Although less common, discontinuation may be considered when:

  • Advanced, irreversible muscle damage with minimal functional reserve
  • No demonstrable stabilization despite prolonged therapy
  • Patient preference after informed discussion
  • Severe intolerance without alternatives

Stopping therapy should never be automatic. It requires:

  • Documentation of disease trajectory
  • Confirmation of lack of meaningful benefit
  • Thorough discussion of risks and expectations

Ethical Principle: Decisions to discontinue are as complex as decisions to initiate. The patient’s values, quality of life, and treatment burden must remain central.
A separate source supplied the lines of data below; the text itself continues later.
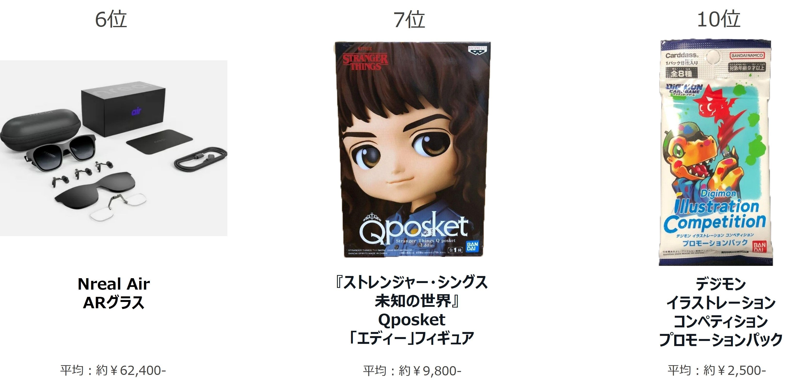 「Nreal Air(エンリアル エアー)」はKDDIとドコモから今年発売されたスマートグラスで、スマートフォンなどの端末に接続することでAR(拡張現実)体験が楽しめるものです。有線ながら普通のサングラスと変わらない大きさ、軽さで話題となりました。Netflixで配信されているアメリカの大人気SFホラードラマ『ストレンジャー・シングス 未知の世界』の登場キャラクターのフィギュアは、日本のクレーンゲームでしか入手できない商品です。また、「デジモンイラストレーションコンペティション プロモーションパック」は人気ゲーム・アニメコンテンツである「デジタルモンスター」の25周年を記念し開催されたデジモンミュージアムの来場者特典となっており、これらの「日本でしか手に入らないアイテム」は世界中のコレクターが集まるeBayでは非常に人気です。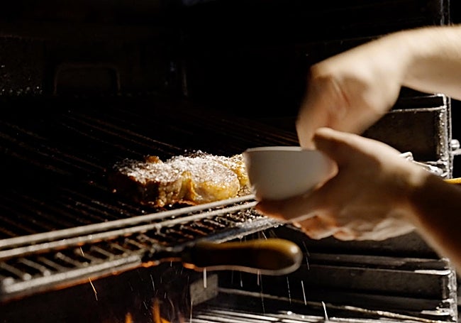 Mientras la txuleta sigue asándose sobre la parrilla inclinada, añadir la sal a la pieza de carne.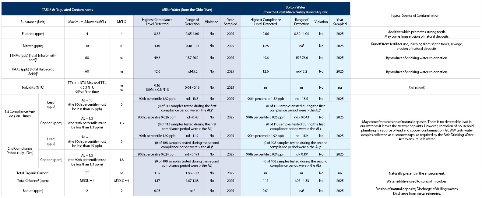 GCWW is proud to say that our water meets or exceeds all health standards established by both the USEPA and the Ohio EPA. To ensure that tap water is safe to drink, the USEPA issues regulations that limit the levels of certain contaminants in water provided by public water systems. Food and Drug Administration (FDA) regulations establish limits on contaminants in bottled water, which shall provide the same level of public health protection. The tables below show the substances detected in GCWW drinking water while performing the most up-to-date monitoring required by the EPA. The Ohio EPA requires GCWW to monitor for certain contaminants less than once per year because their concentrations do not change frequently. Because of this, some of our data, though accurate, is more than one year old. For a complete listing of GCWW test results and additional water quality information, visit WQT.myGCWW.org, or call 513.591.7700.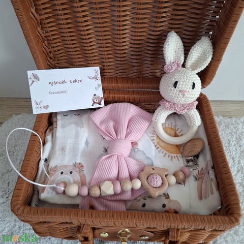Nyuszis babalátogató ajándékcsomag bőröndben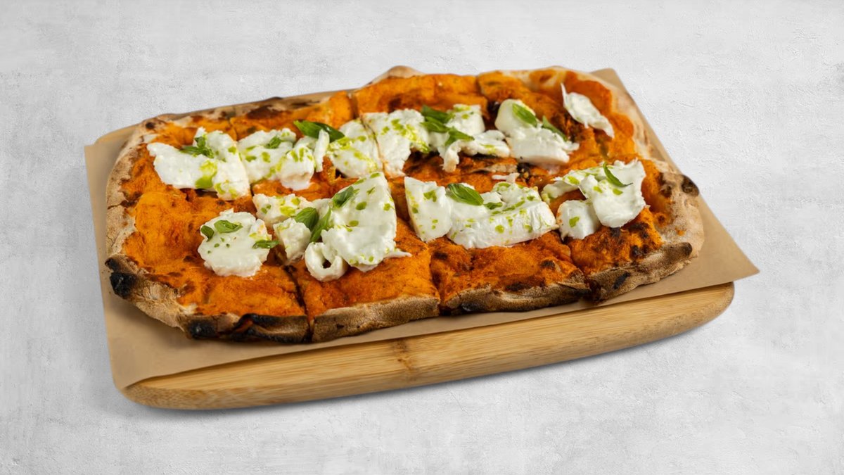 Με κόκκινη σάλτσα, πέστο ρόκας και μοτσαρέλα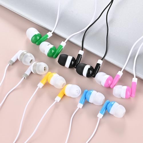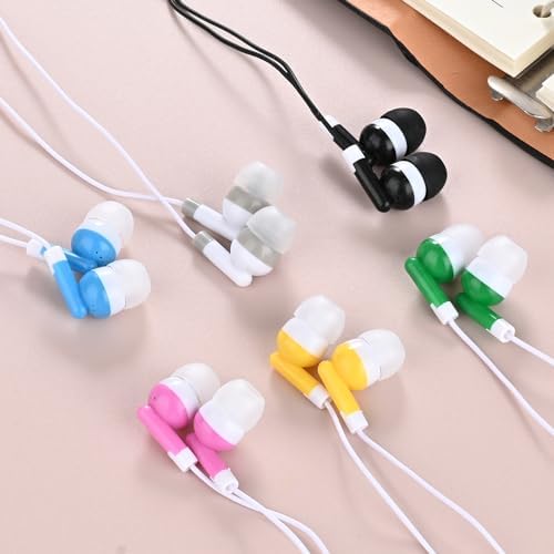 120 Packs Bulk Earbuds: 6 different colors mixed Black, White, Yellow, Green, Blue, Pink, each individually opp packaged, bright colors can inspire more especially for students and kids in classroom use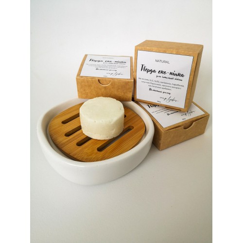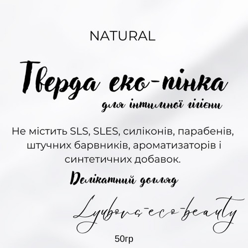 Тверда еко-пінка для інтимної гігієни м’яко та делікатно очищує чутливу шкіру, заспокоює, усуває запалення і запобігає розвитку хвороботворних інфекцій, захищає слизову оболонку від подразнень. Засіб містить м'які ПАР, які делікатно очищають, а також компоненти, що зволожують, заспокоюють і підтримують природний pH-баланс. Екстракти ромашки та шавлії додають антисептичні властивості.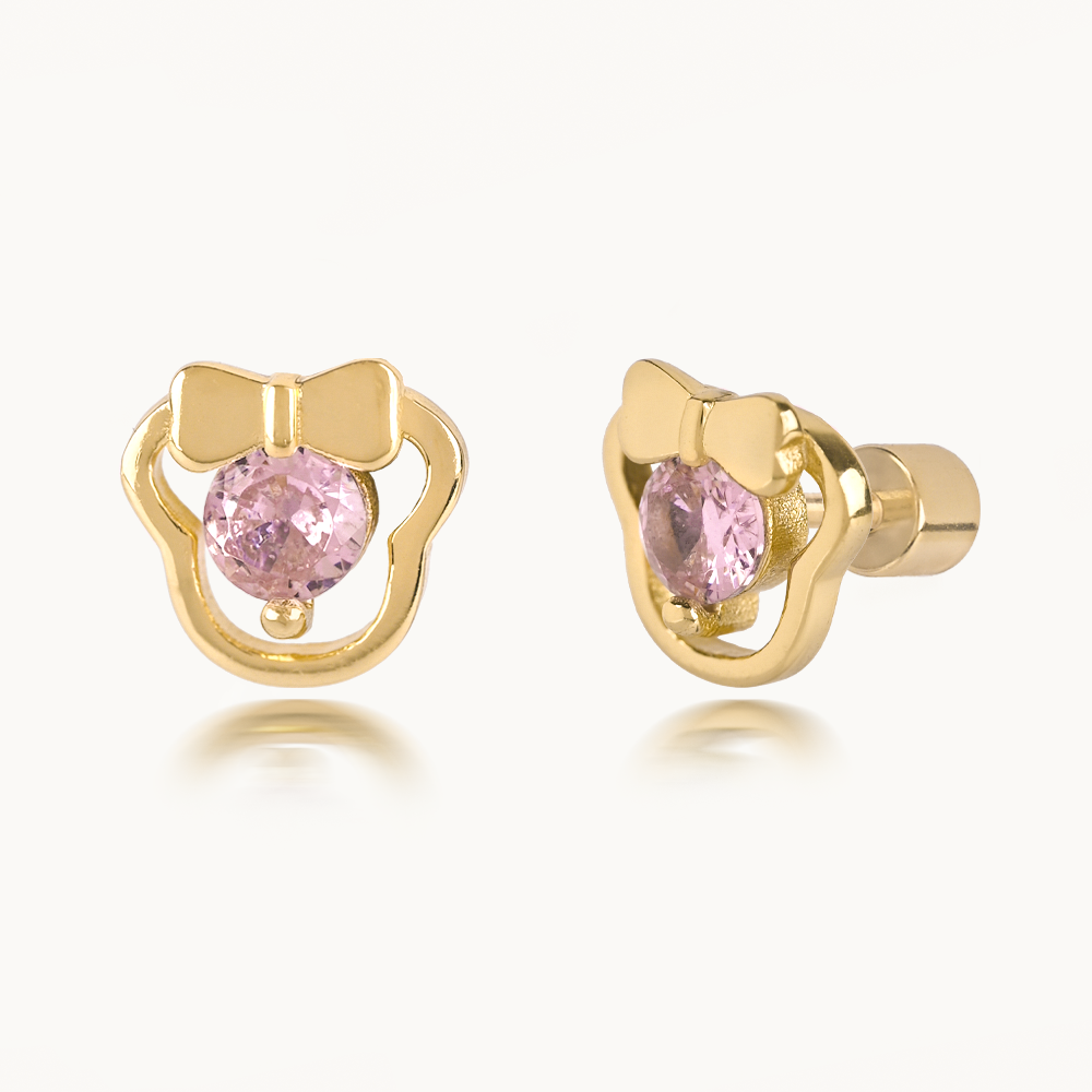 Aretes en forma de minnie con circón rosa. Elaborado en Plata bañados en oro de 18k.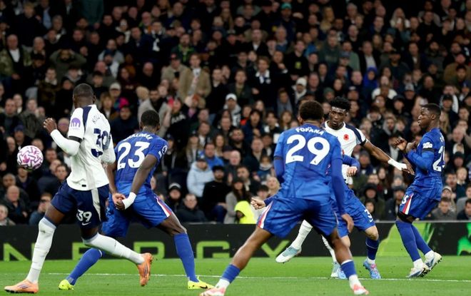 比赛开始不久热刺就遭受打击,贝里瓦尔因伤被换下场。加纳乔的射门被门将化解。切尔西在第34分钟收获进球。凯塞多送出助攻,若昂-佩德罗近距离抽射破门。落后的热刺随后的时间依然没能踢出像样的进攻。恩佐的头球攻门顶高了,内托的射门被扑出,吉腾斯浪费大好机会,佩德罗单刀不进。最终的比分定格为1-0,切尔西击败热刺。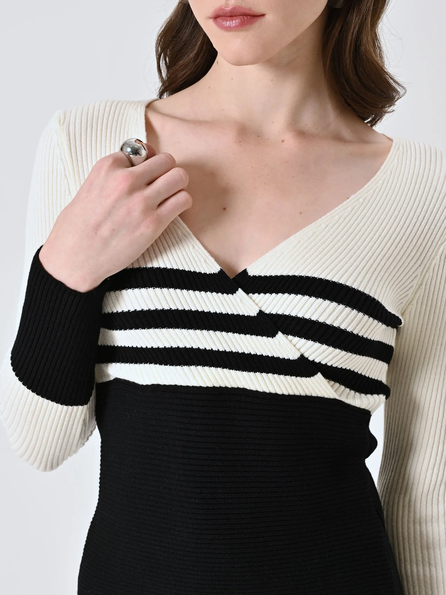 Maglioncino a manica lunga con scollatura incrociata in fantasia a righe bianche e nere.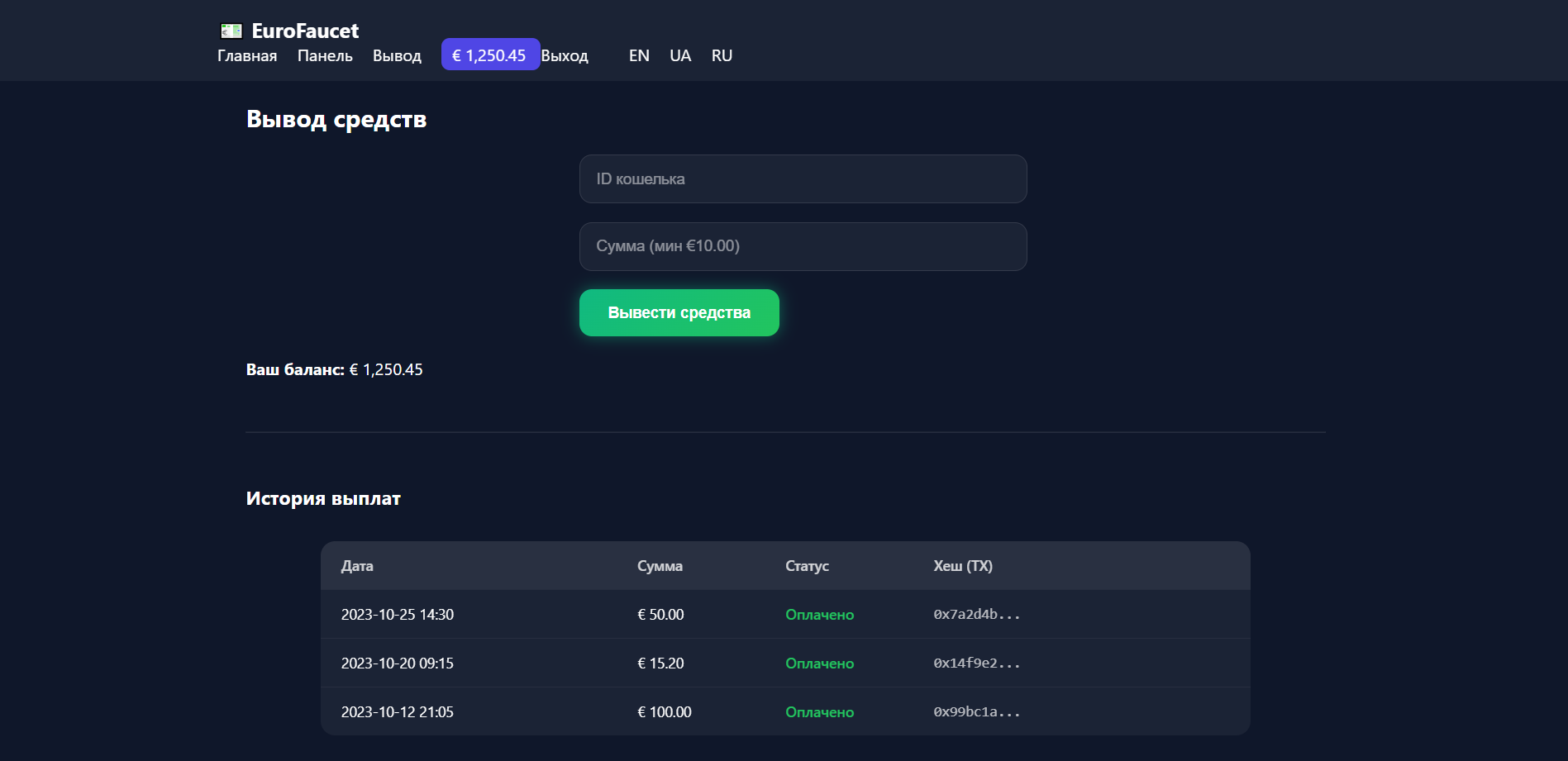 Описание: EuroFaucet — это программное решение на базе PHP, предназначенное для организации автоматической раздачи денежных бонусов или вознаграждений. Система сочетает в себе функции бонусного крана, игровой механики (рулетки) и партнерской программы.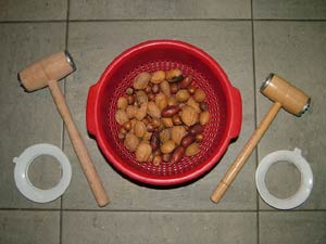 Zřejmě je něco prohnilého v louskáčcích belgického království, neb se mi už třetí zlomil. Co teď? I zkouším drtit ořech pantoflí. Ořech neposlouchá a tancuje po kuchyni. Zatímco ho lovím pod stolem, Timík se, po vzoru matky, snaží rozbít ořech svou papučkou č.23. Tudy cesta nevede, říkám si a pátrám po vhodnějším nástroji. Zajásám, když v šuplíku narazím na svatební sadu dřevěných paliček na maso. Vtípek, který se teď bude hodit. Paráda. Zamířím a podaří se mi ořech rozbít hned první ranou. Bohužel napadrť. Ale to vypilujem :-) Timík, opět po vzoru matky, ukořistil další paličku a honí ořech po kuchyni.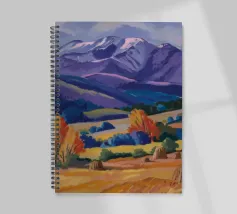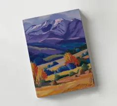 Un ampio paesaggio autunnale che ritrae dolci colline dalle vibranti tonalità di arancio, giallo e viola, punteggiate da alberi sparsi, che conducono verso maestose montagne innevate sotto un cielo limpido.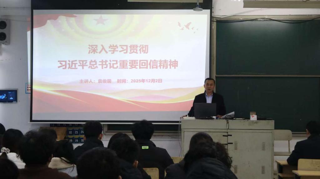 为深入学习贯彻习近平总书记重要回信精神,落实立德树人根本任务,12月2日上午,校党委委员、组织部部长袁俊现深入beat365平台唯一官网,为联系班级24级土木工程本科1班讲授专题思政课,学院党政领导、辅导员及班主任陪同参加。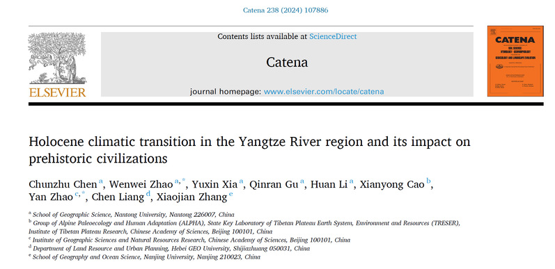 近日,sunbet申搏官方网站陈春珠副教授为第一作者、sunbet申搏官方网站为第一单位,在国际知名学术期刊《Catena(链)》(中科院分区一区TOP期刊,影响因子6.2)上发表题为“Holocene climatic transition in the Yangtze River region and its impact on prehistoric civilizations(长江流域全新世气候转变及其对史前文明的影响)”的学术论文。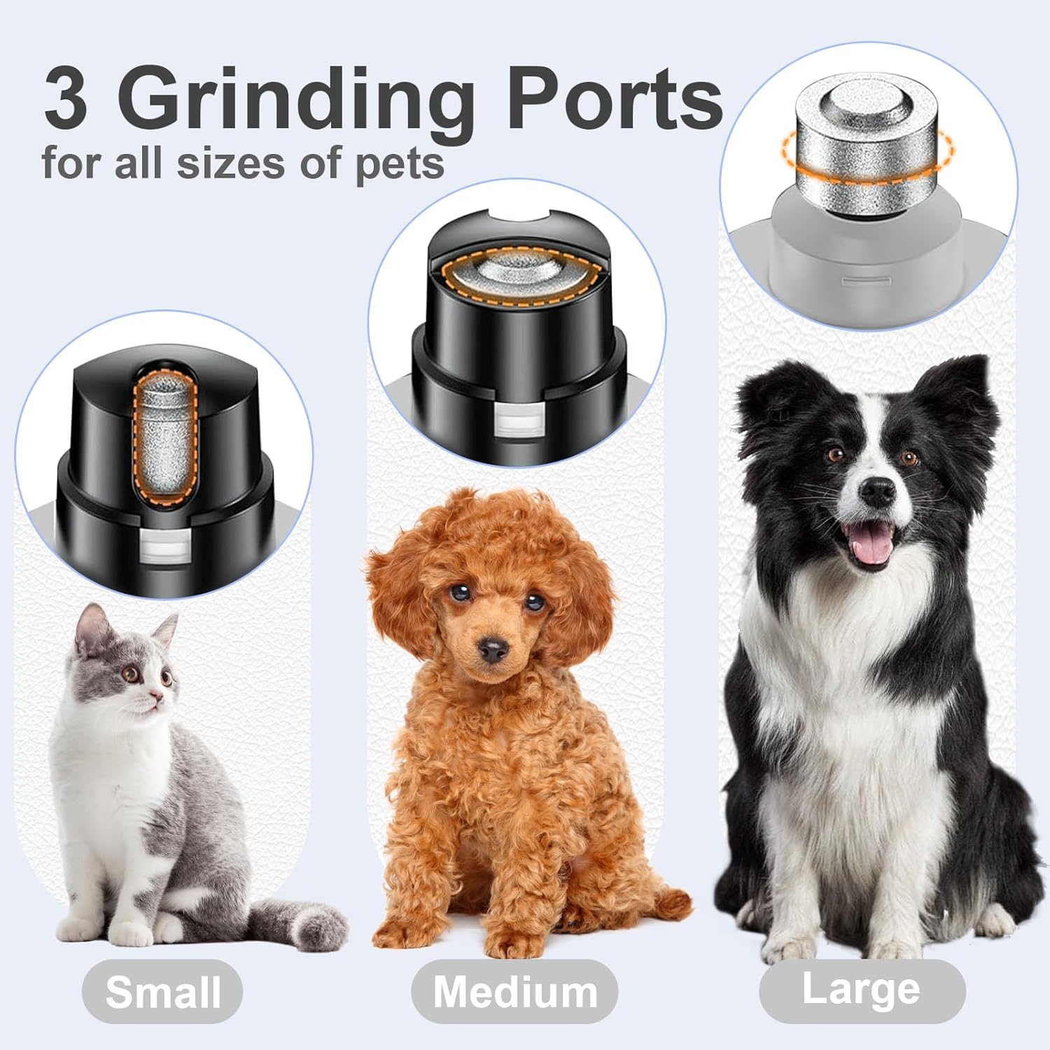 🐶【Dog Nail Grinder】 Diamond head with 3 grinding ports can support any stick of nail grinding for small, medium and large pets. Cordless LED design with 2 speeds, illuminates the blood line and quickly locates the toenail, to avoid hurting your lovely pets.

Integrating Comparative-Effectiveness Evidence

Real-world registry data highlight:

  • High inter-individual variability
  • Absence of predictive factors of response to therapy
  • Nearly half of patients may show limited long-term improvement
  • Secondary decline underscores need for next-generation therapies

This reinforces that:

  • ERT is not uniformly disease-modifying in all patients
  • Monitoring must guide adaptation of treatment strategy
  • Static management is inappropriate in a progressive disease

Applying the Triple-S Framework in Practice

Step 1: Collect Structured Data

  • 6MWT or 2MWT
  • Timed tests
  • Supine and sitting VC
  • Muscle MRI
  • PROs

Step 2: Interpret Longitudinal Trends

  • Stabilization vs. slope of decline
  • Structural progression vs. functional stability
  • Respiratory vs. skeletal trajectory

Step 3: Conduct Shared Decision Discussion

Address:

  • Goals of therapy (stabilization vs improvement)
  • Treatment logistics
  • Risk–benefit balance
  • Emotional and psychological readiness
  • Long-term expectations

Case-Based Learning Themes

Across presented cases:

  • Pre-symptomatic patients required careful monitoring before starting therapy.
  • Long-standing patients with slow progression demonstrated that treatment decisions may be delayed but remain appropriate.
  • Patients with clear motor decline despite stable respiratory function (or vice versa) highlighted the need to consider switching.
  • Reluctant patients emphasized that informed autonomy must be respected.

Practical Algorithm

START when:

  • Objective skeletal or respiratory progression is documented
  • MRI shows meaningful fat replacement
  • Diaphragm decline emerges even without symptoms

SWITCH when:

  • No stabilization after ≥12 months
  • Progressive decline despite adherence
  • Unmanageable infusion reactions

STOP when:

  • No measurable benefit after prolonged reassessment
  • Severe intolerance
  • Patient preference after informed counselling

Take-Home Messages

  • The Triple-S framework transforms treatment decisions from reactive to structured and individualized.
  • Initiation should be based on measurable progression—not symptom severity alone.
  • Switching requires objective evidence of suboptimal response and close post-switch monitoring.
  • Discontinuation decisions demand careful ethical and clinical evaluation.
  • Shared decision-making is central at every stage.

In LOPD, therapy decisions are not one-time events—they are longitudinal, data-driven, and patient-centred processes guided by evolving evidence and structured monitoring.

Content accurate at the time of publication.